What you have to do: Keep the pictures out of your copy. Transcribe the records below exactly.

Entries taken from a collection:
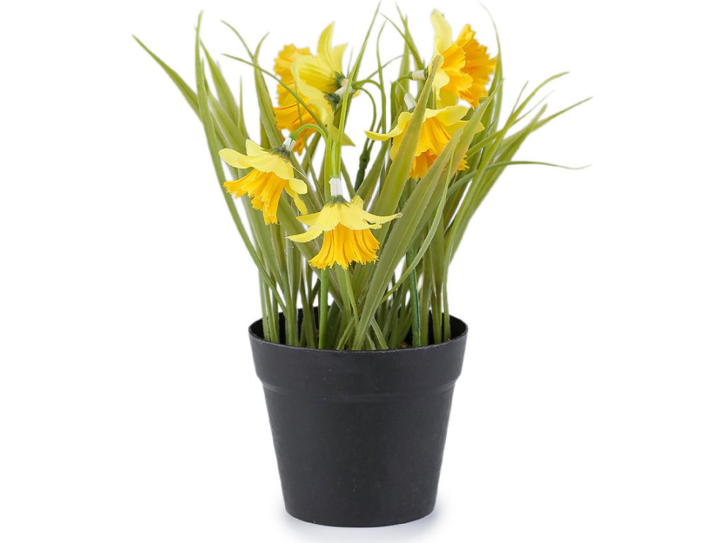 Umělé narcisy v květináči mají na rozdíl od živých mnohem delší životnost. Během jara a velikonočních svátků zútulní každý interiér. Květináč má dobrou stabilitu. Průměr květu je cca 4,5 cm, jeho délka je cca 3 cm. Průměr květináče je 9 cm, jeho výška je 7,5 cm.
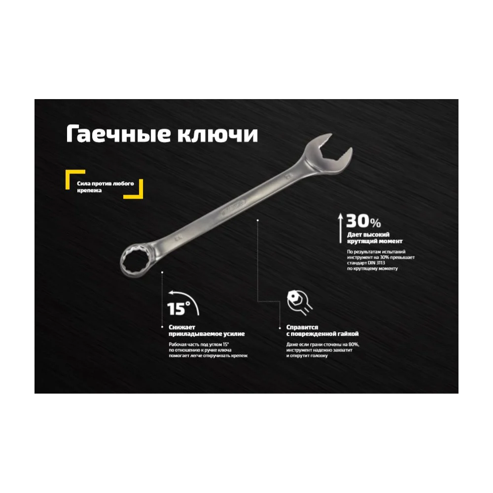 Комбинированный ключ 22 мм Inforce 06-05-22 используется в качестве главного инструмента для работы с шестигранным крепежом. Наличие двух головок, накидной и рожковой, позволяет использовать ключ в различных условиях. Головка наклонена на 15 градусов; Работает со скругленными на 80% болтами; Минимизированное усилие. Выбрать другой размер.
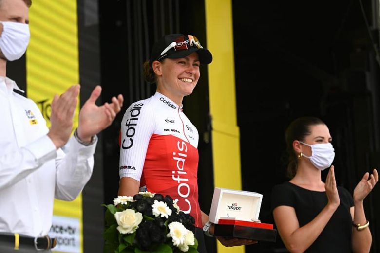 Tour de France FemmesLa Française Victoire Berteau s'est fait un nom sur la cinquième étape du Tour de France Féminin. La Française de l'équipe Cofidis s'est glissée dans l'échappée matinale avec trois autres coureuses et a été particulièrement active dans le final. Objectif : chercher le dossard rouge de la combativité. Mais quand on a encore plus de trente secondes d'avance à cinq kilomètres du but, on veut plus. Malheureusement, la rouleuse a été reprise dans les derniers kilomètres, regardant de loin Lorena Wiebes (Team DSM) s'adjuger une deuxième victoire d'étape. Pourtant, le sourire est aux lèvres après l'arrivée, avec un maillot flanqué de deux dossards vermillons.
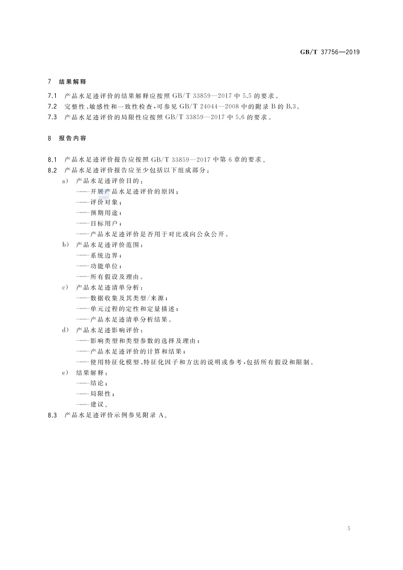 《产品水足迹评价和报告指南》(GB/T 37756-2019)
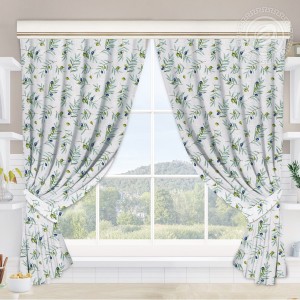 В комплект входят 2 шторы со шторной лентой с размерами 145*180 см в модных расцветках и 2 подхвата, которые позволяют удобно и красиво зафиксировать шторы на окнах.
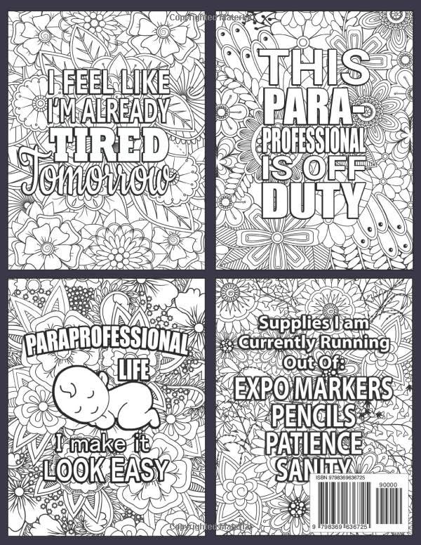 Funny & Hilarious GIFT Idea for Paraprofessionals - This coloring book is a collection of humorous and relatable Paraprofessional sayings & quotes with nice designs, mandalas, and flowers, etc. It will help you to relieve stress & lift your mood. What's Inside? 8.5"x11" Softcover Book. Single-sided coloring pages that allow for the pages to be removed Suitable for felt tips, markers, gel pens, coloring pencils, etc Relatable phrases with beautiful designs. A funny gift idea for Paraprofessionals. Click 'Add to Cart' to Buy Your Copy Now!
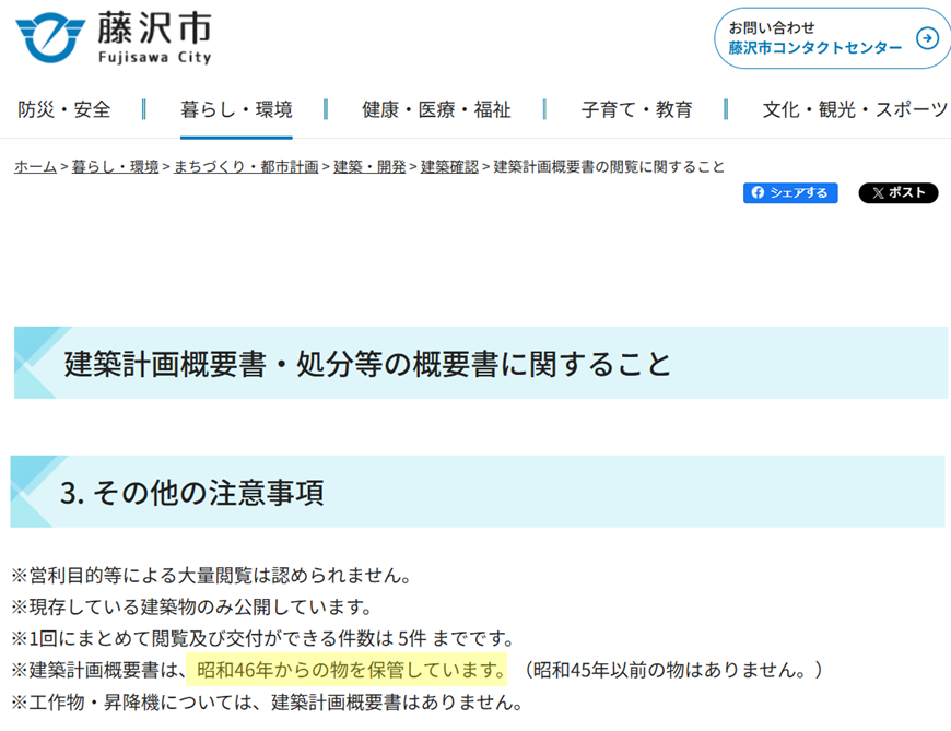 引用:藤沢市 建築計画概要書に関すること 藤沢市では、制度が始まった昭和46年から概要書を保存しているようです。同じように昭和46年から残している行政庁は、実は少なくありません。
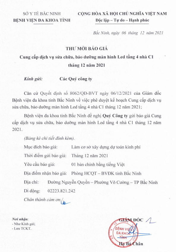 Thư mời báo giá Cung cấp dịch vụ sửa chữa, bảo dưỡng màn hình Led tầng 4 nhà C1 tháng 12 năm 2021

Problem solution:
 Umělé narcisy v květináči mají na rozdíl od živých mnohem delší životnost. Během jara a velikonočních svátků zútulní každý interiér. Květináč má dobrou stabilitu. Průměr květu je cca 4,5 cm, jeho délka je cca 3 cm. Průměr květináče je 9 cm, jeho výška je 7,5 cm.
 Комбинированный ключ 22 мм Inforce 06-05-22 используется в качестве главного инструмента для работы с шестигранным крепежом. Наличие двух головок, накидной и рожковой, позволяет использовать ключ в различных условиях. Головка наклонена на 15 градусов; Работает со скругленными на 80% болтами; Минимизированное усилие. Выбрать другой размер.
 Tour de France FemmesLa Française Victoire Berteau s'est fait un nom sur la cinquième étape du Tour de France Féminin. La Française de l'équipe Cofidis s'est glissée dans l'échappée matinale avec trois autres coureuses et a été particulièrement active dans le final. Objectif : chercher le dossard rouge de la combativité. Mais quand on a encore plus de trente secondes d'avance à cinq kilomètres du but, on veut plus. Malheureusement, la rouleuse a été reprise dans les derniers kilomètres, regardant de loin Lorena Wiebes (Team DSM) s'adjuger une deuxième victoire d'étape. Pourtant, le sourire est aux lèvres après l'arrivée, avec un maillot flanqué de deux dossards vermillons.
 《产品水足迹评价和报告指南》(GB/T 37756-2019)
 В комплект входят 2 шторы со шторной лентой с размерами 145*180 см в модных расцветках и 2 подхвата, которые позволяют удобно и красиво зафиксировать шторы на окнах.
 Funny & Hilarious GIFT Idea for Paraprofessionals - This coloring book is a collection of humorous and relatable Paraprofessional sayings & quotes with nice designs, mandalas, and flowers, etc. It will help you to relieve stress & lift your mood. What's Inside? 8.5"x11" Softcover Book. Single-sided coloring pages that allow for the pages to be removed Suitable for felt tips, markers, gel pens, coloring pencils, etc Relatable phrases with beautiful designs. A funny gift idea for Paraprofessionals. Click 'Add to Cart' to Buy Your Copy Now!
 引用:藤沢市 建築計画概要書に関すること 藤沢市では、制度が始まった昭和46年から概要書を保存しているようです。同じように昭和46年から残している行政庁は、実は少なくありません。
 Thư mời báo giá Cung cấp dịch vụ sửa chữa, bảo dưỡng màn hình Led tầng 4 nhà C1 tháng 12 năm 2021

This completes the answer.